AB Kurulu Lideri Michel ve AB Kurulu Lideri Von der Leyen, 25 Mart’ta yapılan ve “Türkiye’yle kaideli işbirliği” bildirisi çıkan doruğun akabinde dün Ankara’ya geldi. Cumhurbaşkanlığı Sarayı’nda Cumhurbaşkanı Erdoğan’la 2 saat 45 dakika süren bir görüşme gerçekleştiren Michel ve Leyen, görüşmeye ait AB Türkiye Delegasyonu’nda bir basın toplantısı düzenledi. Türkiye’nin son periyotta AB ile “yapıcı bir biçimde bağ kurmak istediğini gösterdiğini” belirten Leyen, “Biz de Türkiye’yle münasebetlerimize ivme katmak için geldik” dedi. Gümrük Birliği’nin güncellenmesi ve göç mutabakatı üzere işbirliği alanlarını görüştüklerini belirten Leyen, “Sığınmacılara yönelik AB yardımının devam etmesi gerektiği konusunda kararlıyız” dedi ve göç mutabakatı konusunda Türkiye’nin yükümlülüklerini tam olarak yerine getirmesini beklediklerini söyledi.
‘YOLUN BAŞINDAYIZ’
Von der Leyen, ilgilerin geleceğiyle ilgili “Gelecekte daha iyi bağlantılar inşa etmek istiyoruz, lakin şu an bir yolun başındayız, bu yolun bizi nereye götüreceği yalnızca müzakerelerin içeriğine bağlı değil. Münasebetiyle son haftalarda gördüğümüz ivmenin sürdürülebilirliği kanıtlanmalı” dedi.
HUKUK VURGUSU
AB Kurulu Lideri Charles Michel de “AB, ekonomik iş birliği, göç ve halklar ortasında ilişkiyi artırmak için somut gündem sunmaya hazır” dedi. Michel, AB’nin Türkiye’ye mülteciler konusundaki dayanağıyla ilgili “Komisyon yakında Türkiye, Ürdün ve Lübnan’daki mültecilerin finansmanı için bir teklif sunacak” dedi. Michel, Türkiye’ye bilhassa Gümrük Birliği’nin güncellenmesi ve mülteci mutabakatı üzere hususlarda somut adımlar için ise Haziran’daki AB Zirvesi’nden sonrasını işaret etti.
YENEL: BAĞLANTILAR ‘AL-VER’E SIKIŞTI
Türkiye’nin AB Daimi Temsilciliği ve AB Bakanlığı Müsteşarlığı vazifelerini de yürütmüş olan emekli büyükelçi Selim Yenel, Ankara’da yapılan Türkiye-AB görüşmesini Cumhuriyet’e kıymetlendirdi.

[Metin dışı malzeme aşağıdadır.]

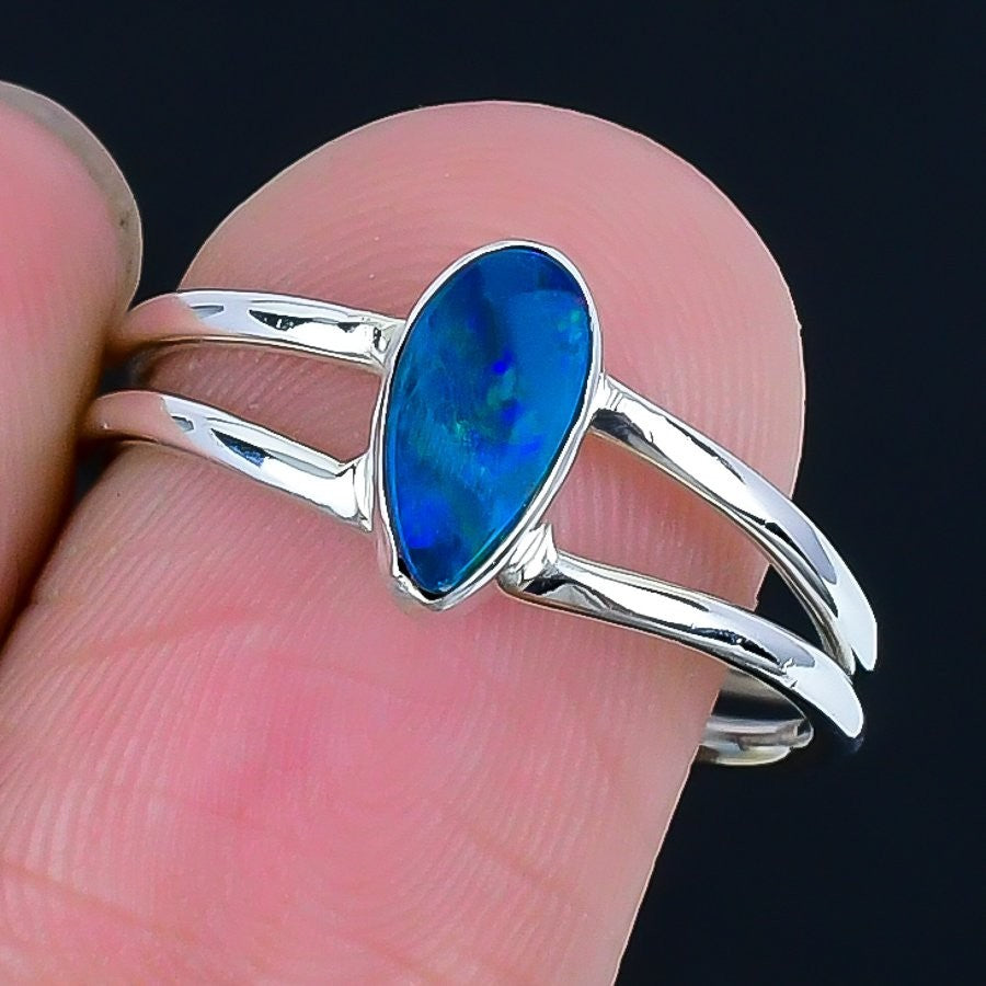 Australian Opal Gemstone Solid Silver Cluster Artisan Wife Ring Jewelry Size 8.5

Yenel, “Bu ziyaret, iki tarafın münasebetlerinde yeni bir başlangıç. Haziran ayına kadar Türkiye’nin son periyotta izlediği siyasetin ne ölçüde sürdüğünü değerlendirecekler. Bu siyaset devam ederse Haziran ayından itibaren münasebetlerde daha yeni açılımlar bekleyebiliriz. Ama Haziran’a kadar kayda kıymet somut adım beklememek gerekiyor” dedi.
Yenel, von der Leyen ve Michel’in lisana getirdiği Türkiye’deki “hukukun üstünlüğü” konusundaki kaygılarla ilgili “Zirve bildirisinde Türkiye konusu daha çok Doğu Akdeniz odaklıydı, sona hakikat insan hakları ve hukukun üstünlüğüne değiniyorlardı. Lakin AB’deki çeşitli çevrelerden gelen tenkitler çerçevesinde Ankara’da bu bahisleri daha fazla gündeme getirme gereksinimi hissettiler” diye konuştu. Türkiye-AB münasebetlerinde son devirde üyelik müzakerelerinin büsbütün gündemden düşürüldüğüne dikkat çeken Yenel, “Türkiye-AB bağlantıları bir al-ver çerçevesine sıkıştırıldı. AB, Türkiye’ye aday ülke değil, üçüncü bir ülkeymiş üzere muamele ediyor. Türkiye’nin bu niteliğinin gündemde tutulması gerekiyor” dedi.
İlgilerde Haziran’dan sonra yeni bir ivme beklenebileceğini belirten Yenel, şöyle konuştu: “Taraflar ortasında karşılıklı olarak bu adımlar atılabilirse taraflar ortasında bir inanç ortamı oluşabilir. Türkiye’den tansiyonu yükseltmemesini talep ediyorlar, Türkiye geri adım atınca işler yumuşadı. Bu ortamın korunması için Yunanistan ve Rum tarafının da tahrikten kaçınması gerekiyor.”